#### Task description
Transcribe the listing below only from the line with "There are 15" up to and including the line with "Most unusual antique".

#### Exercise data

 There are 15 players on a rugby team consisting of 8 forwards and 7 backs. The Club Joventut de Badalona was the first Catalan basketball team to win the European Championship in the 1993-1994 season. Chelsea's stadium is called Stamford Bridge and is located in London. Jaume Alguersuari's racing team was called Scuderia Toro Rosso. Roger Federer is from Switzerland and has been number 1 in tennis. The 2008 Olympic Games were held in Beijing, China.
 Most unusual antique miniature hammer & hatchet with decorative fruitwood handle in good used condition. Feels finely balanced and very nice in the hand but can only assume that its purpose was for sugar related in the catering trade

...

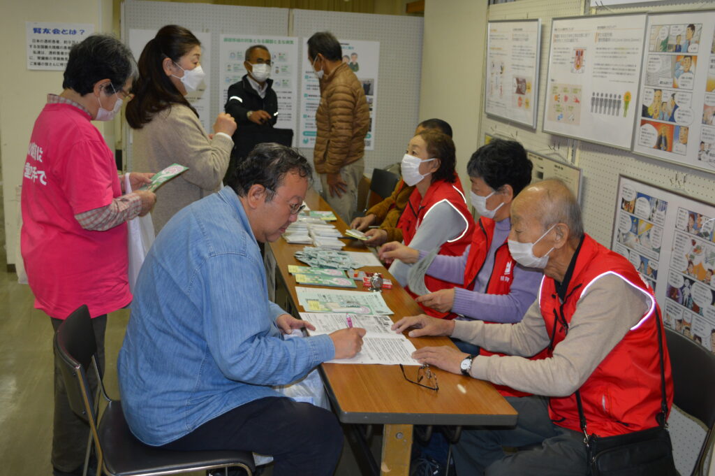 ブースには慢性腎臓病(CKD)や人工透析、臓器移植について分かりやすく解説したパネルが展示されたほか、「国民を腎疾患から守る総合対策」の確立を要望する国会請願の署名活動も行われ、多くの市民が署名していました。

#### Answer section
 There are 15 players on a rugby team consisting of 8 forwards and 7 backs. The Club Joventut de Badalona was the first Catalan basketball team to win the European Championship in the 1993-1994 season. Chelsea's stadium is called Stamford Bridge and is located in London. Jaume Alguersuari's racing team was called Scuderia Toro Rosso. Roger Federer is from Switzerland and has been number 1 in tennis. The 2008 Olympic Games were held in Beijing, China.
 Most unusual antique miniature hammer & hatchet with decorative fruitwood handle in good used condition. Feels finely balanced and very nice in the hand but can only assume that its purpose was for sugar related in the catering trade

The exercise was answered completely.